» Required work: Write out the lines below once more, exactly as they appear. Do not include pictures.

Extracted data entries:
------------------------------------
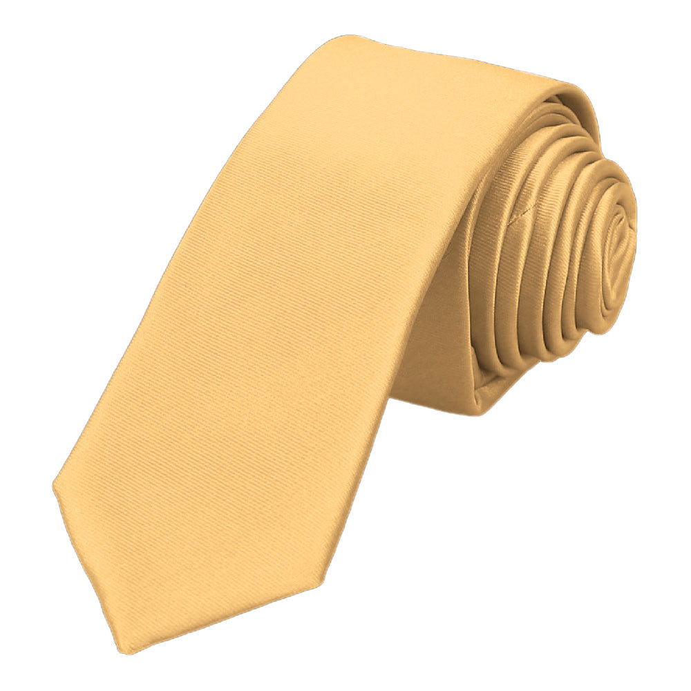 This golden haze skinny tie is just what your style needs. A classic color meets a modern width. It's cut to our skinniest, 2-inch width with a standard men's length. The material is a heavyweight woven polyester with a light satin finish, so it's not too shiny, not too dull. Give it a try, you're going to like this one.
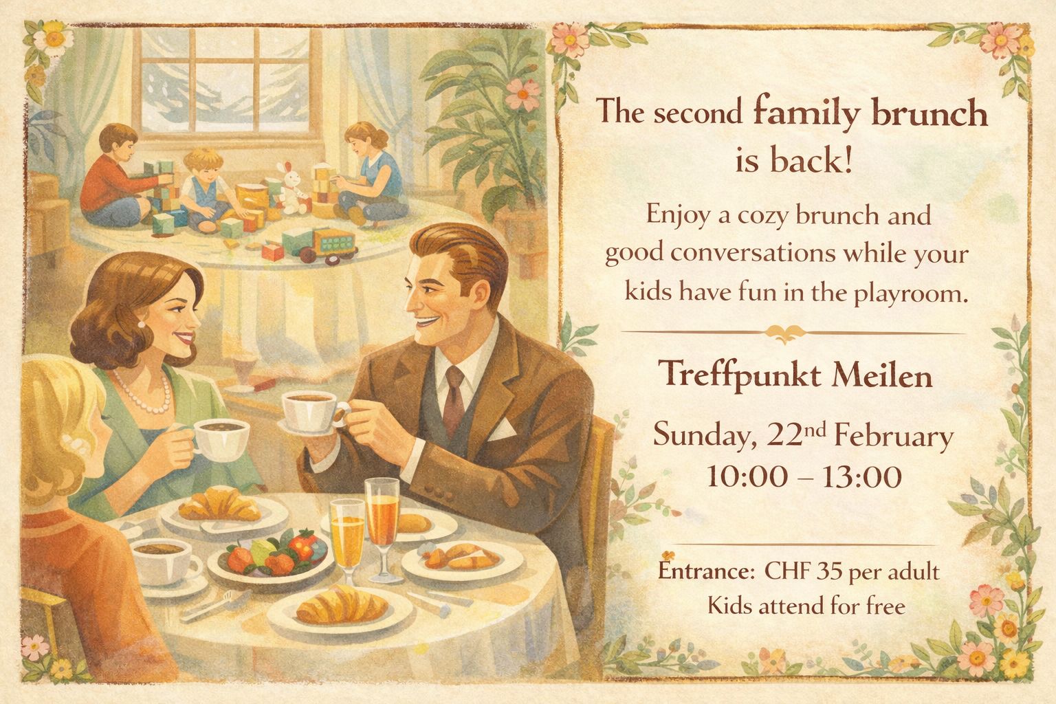 Gemütlicher Brunch für Familien mit Kindern. Unkompliziert, gemütlich und ganz in der Nähe. Mit Anmeldung. Mehr Informationen, Menü, Kosten finden Sie hier.
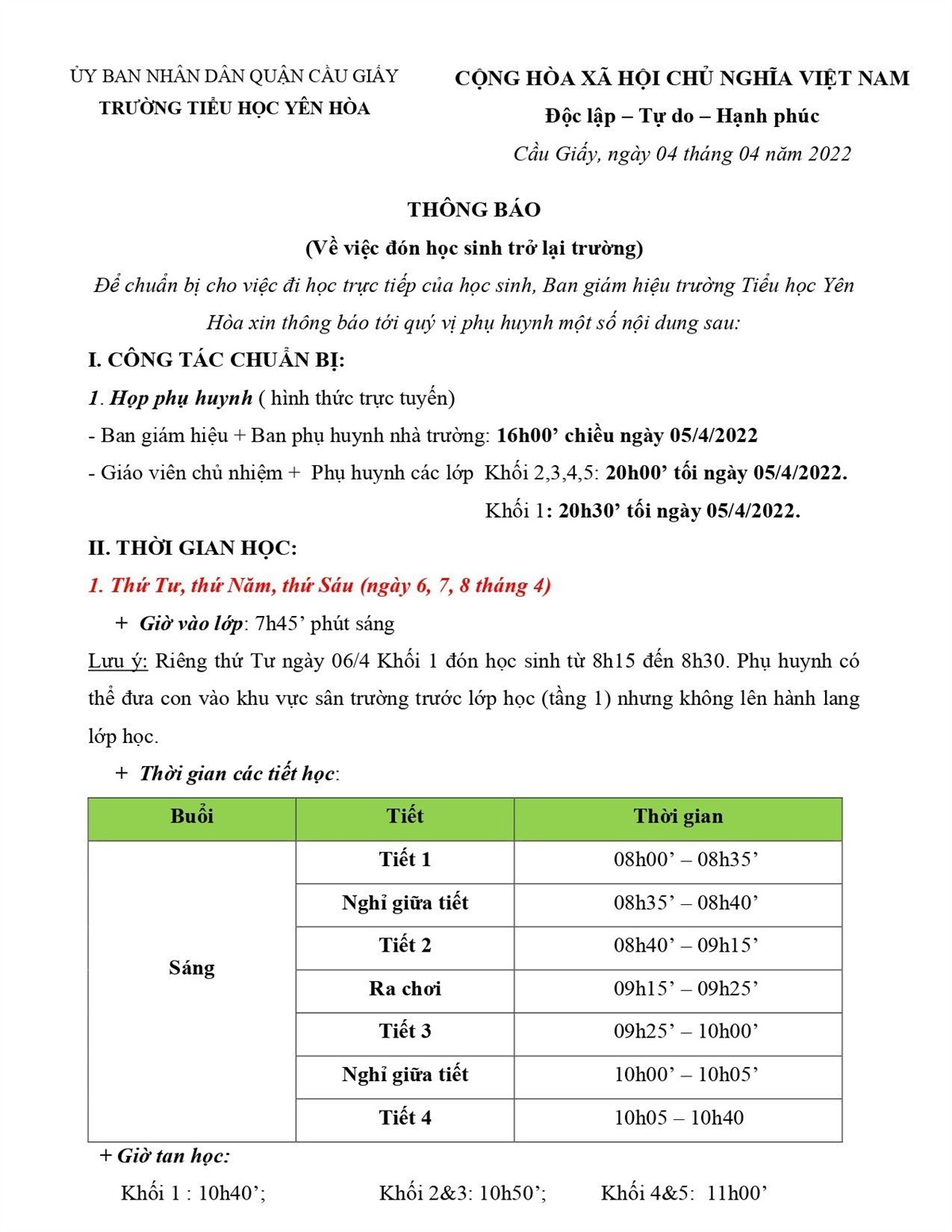 Thực hiện chỉ đạo của UBND TP. Hà Nội và Sở GD&ĐT, học sinh trên địa bàn thành phố sẽ quay trở lại trường học trực tiếp từ ngày thứ Tư (06/4/2022). Nhà trường kính gửi tới quý phụ huynh và các em học sinh THÔNG BÁO chi tiết dưới đây.
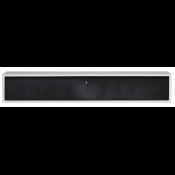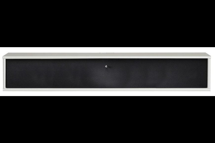 Let og elegant tv møbel i snehvid. Med stof klap i sort, som lyd og signal let går igennem.
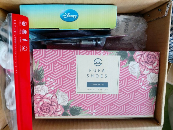 2雙鞋+2個毛帽+1沙灘夾腳拖+1杯子+1盤子+布口罩套3入+1個USB時鐘風扇
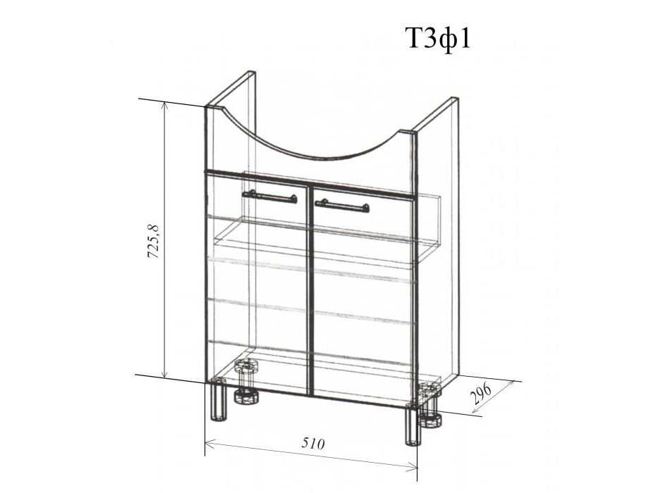 Модель функциональна: на просторных полочках за распашными дверцами можно разместить все необходимые в ванной комнате вещи.
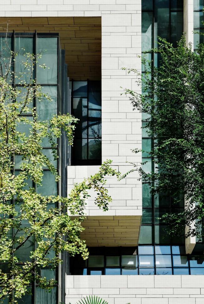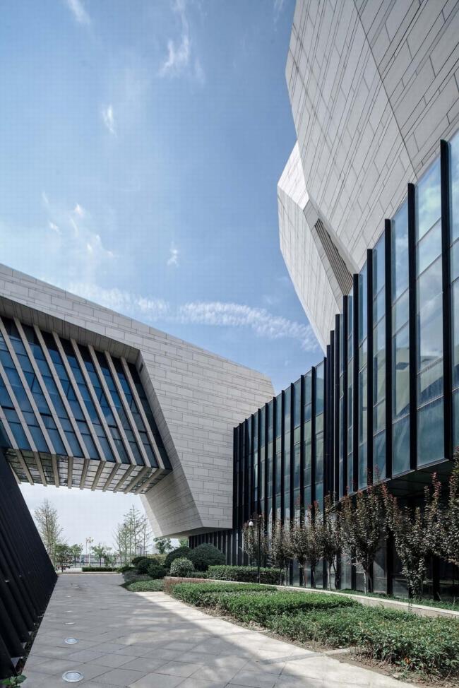 虚实相生:各馆的功能对自然采光通风需求有所不同,如门厅、艺术沙龙、创作室、阅览室、音乐厅、展厅等,外立面则以玻璃幕墙、石材百叶、大面积实墙等作为对应,以求虚实相生、合而不同。
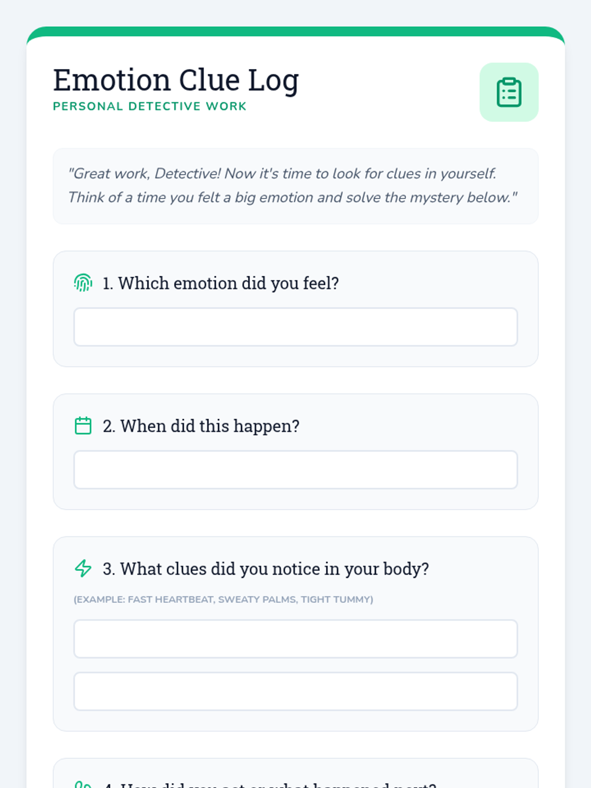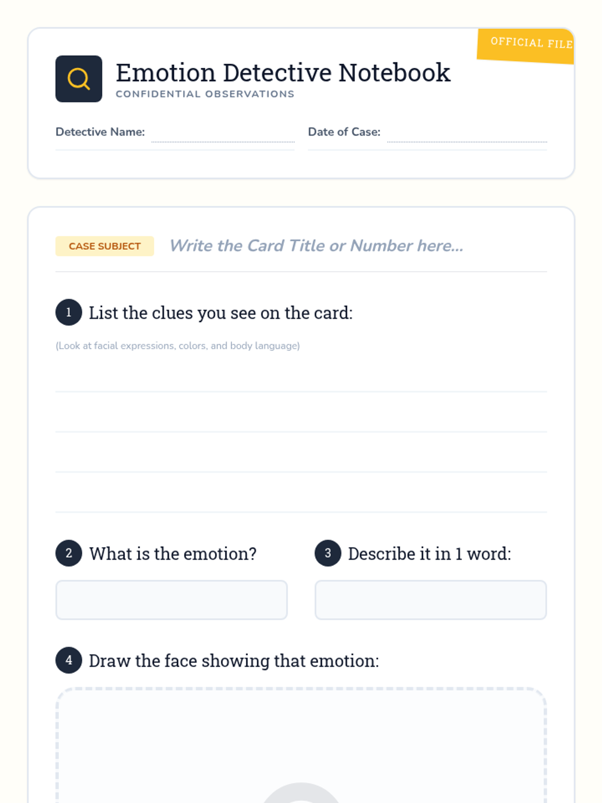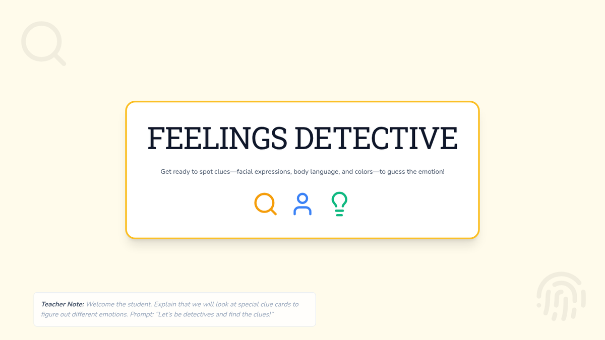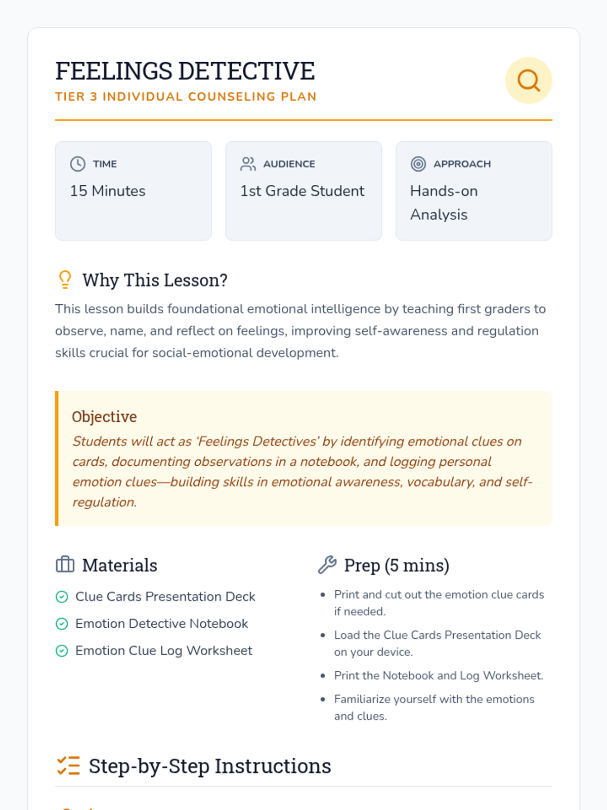 A 15-minute individual counseling session where a 1st grader plays detective to uncover emotional clues, building self-awareness and regulation skills.
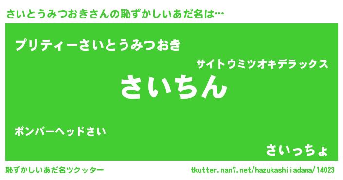 | 意味不明あだ名 | 『永久保存さいとうみつおき』 |
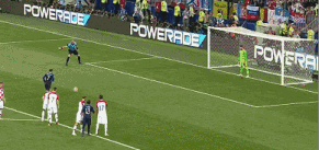 球赛第36分钟,克罗地亚队员手球犯规,法国获罚一点球,法国队员格列兹曼主罚。
------------------------------------
» Output below:
 This golden haze skinny tie is just what your style needs. A classic color meets a modern width. It's cut to our skinniest, 2-inch width with a standard men's length. The material is a heavyweight woven polyester with a light satin finish, so it's not too shiny, not too dull. Give it a try, you're going to like this one.
 Gemütlicher Brunch für Familien mit Kindern. Unkompliziert, gemütlich und ganz in der Nähe. Mit Anmeldung. Mehr Informationen, Menü, Kosten finden Sie hier.
 Thực hiện chỉ đạo của UBND TP. Hà Nội và Sở GD&ĐT, học sinh trên địa bàn thành phố sẽ quay trở lại trường học trực tiếp từ ngày thứ Tư (06/4/2022). Nhà trường kính gửi tới quý phụ huynh và các em học sinh THÔNG BÁO chi tiết dưới đây.
 Let og elegant tv møbel i snehvid. Med stof klap i sort, som lyd og signal let går igennem.
 2雙鞋+2個毛帽+1沙灘夾腳拖+1杯子+1盤子+布口罩套3入+1個USB時鐘風扇
 Модель функциональна: на просторных полочках за распашными дверцами можно разместить все необходимые в ванной комнате вещи.
 虚实相生:各馆的功能对自然采光通风需求有所不同,如门厅、艺术沙龙、创作室、阅览室、音乐厅、展厅等,外立面则以玻璃幕墙、石材百叶、大面积实墙等作为对应,以求虚实相生、合而不同。
 A 15-minute individual counseling session where a 1st grader plays detective to uncover emotional clues, building self-awareness and regulation skills.
 | 意味不明あだ名 | 『永久保存さいとうみつおき』 |
 球赛第36分钟,克罗地亚队员手球犯规,法国获罚一点球,法国队员格列兹曼主罚。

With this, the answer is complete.